The truth is as I think about our future I know for a fact that we will have kids to raise. How we get there will be exactly how we were destined to get there. As we close the book on pregnancy number 3 and look forward to speaking with the fertility doctors on the 14th…I am beginning to feel a sense of calm. A calm that I have not felt in a long long time. The type of calm you have when you know that without a doubt that everything is going to work out…everything is going to be okay. The past few years have been filled with “trying”, trials, failure, tears, a sprinkling of joy…and everything in-between. All of my thoughts and energy have been on one focus…natural conception. I put all my eggs in one basket, blinding myself of any other options. We have a beautiful family now and we will continue to have a beautiful family into the future. No matter what happens. We wanted to be parents…and we are parents…we want to raise kids therefore we will.

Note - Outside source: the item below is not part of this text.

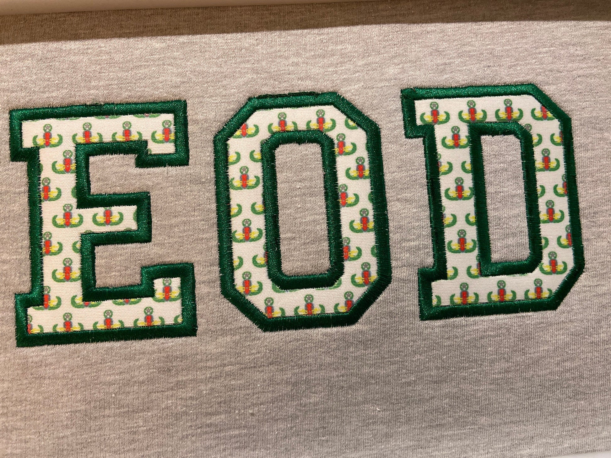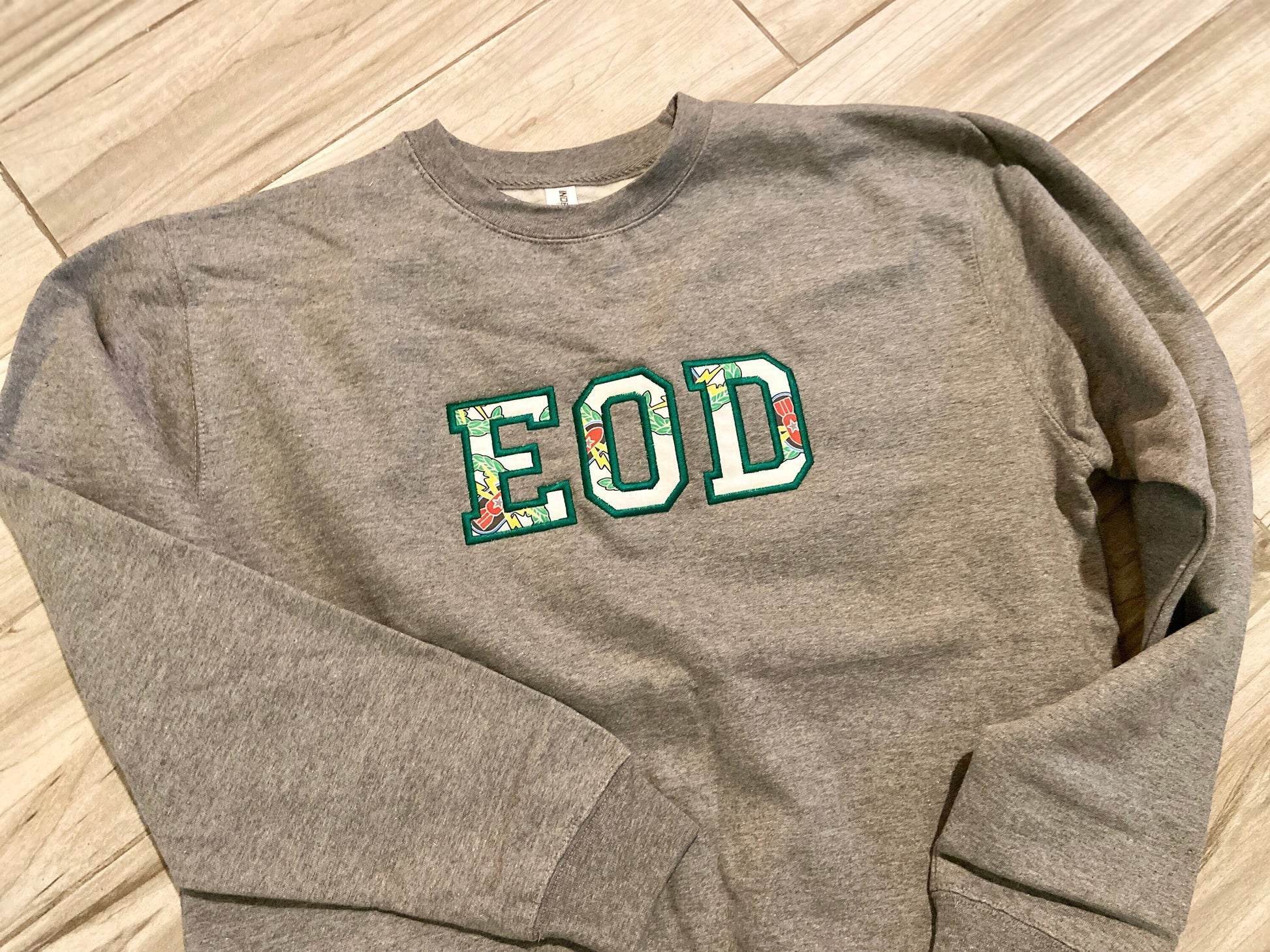 I love to applique! And this crewneck sweatshirt is the perfect medium to put this love to work! The basic cost features the letters EOD with fabric of a basic, senior or master crab. Sweatshirt in the photo is featuring the senior level crab.

As strange as it may sound, I needed this last miscarriage to mentally calm down, to reflect and refocus. After the loss of Jackie I was terrified to be pregnant. I feared another loss; I feared that I wasn’t strong enough to endure the pain all over again. However, here we are. This loss catapulted us further into the grey zone…the unknown. Placed us in our lowest moment as a couple and left us asking, now what? What is next? How is this part of the plan? Is this really our journey? How can we trust this journey when it has brought us nothing but pain? Another miscarriage, really?

Something magical happened during these lowest of low days. Whether you believe in signs or not…we believe we received signs. Guiding us. Pointing us to the room with doors and telling us that we don’t have to put all of our eggs in just one basket. Sure these other baskets come with a financial responsibility however we are living in a world where nothing is free anyway.

Our struggles are only moulding us into the couple, the parents, the individuals we are meant to be. Our relationship has never been stronger. We love one another deeper and we appreciate the hope and positivity that we give to another. We know that we each are drowning at times but we still manage to set aside our own struggles while we are together and give another the hope and positivity that we each need to hear. By each of us telling the other to stay hopeful in spite of our own demons we are allowing ourselves to say the things we know the other needs but intern it allows us to also start believing what we are saying to the other. The more I tell my husband to stay positive, to trust the journey, to believe that we will raise kiddos, to have hope…the more I believe it myself.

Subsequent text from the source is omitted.